Questions & Answers

Where can I learn more about the linguistic model?

For questions regarding the dependency relations you might want to consult the Stanford Dependencies website and especially the Stanford Dependencies manual (PDF).

Is there a size limit on the corpora?

Technically, there are certainly limitations by the software used, but the system has been tested to work with very large corpora (over 1 billion words). However, we currently impose a limit of 100MB (approx. 20 million words) per corpus by default for reasons of space. If you would like to use larger corpora, please contact us and we will arrange something.

Can I share my parsed corpora with colleagues and/or students?

Such a feature is not implemented yet but may be available in the future if there is a demand for it. Let us know if you are interested. For now, you will have to share your password, but keep in mind that everyone who knows your password can delete your corpus.

I found an error in the analysis!

Unfortunately, this is to be expected. The parsers used here are stochastic parsers and thus assign what they think is the most likely syntactic structure to each sentence. They may be horribly wrong. There is nothing we can do about it. (see also the explanation in the Stanford Parser FAQ)

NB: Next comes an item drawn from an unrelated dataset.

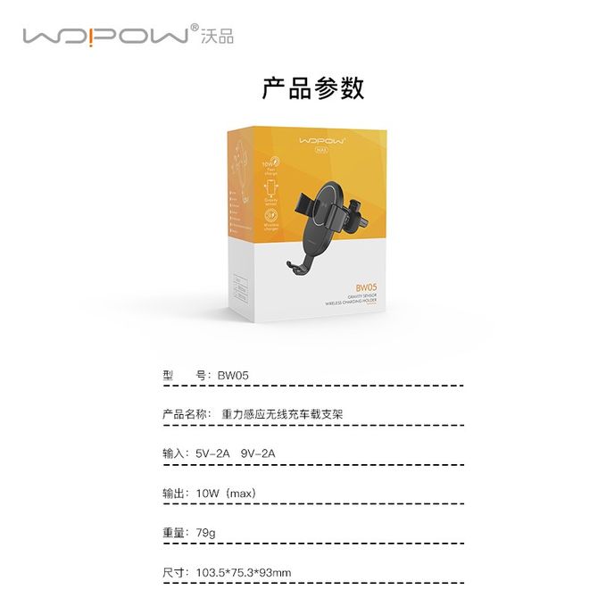 沃品 重力感应无线充车载支架 BW05

Is there a way to speed up processing?

For the Java-based parsers, you will soon be able to download a Java package you can run on bored computers (such as Computer Lab machines outside of term time). It will automatically connect to our server and parse sentences. However, unless you have a substantial number of machines, this may not speed up processing significantly to be worth the hassle since we use the Erlangen High Performance Computing machines. We may also make available faster dependency parsers in the future, so stay tuned.

What software do you use in your project?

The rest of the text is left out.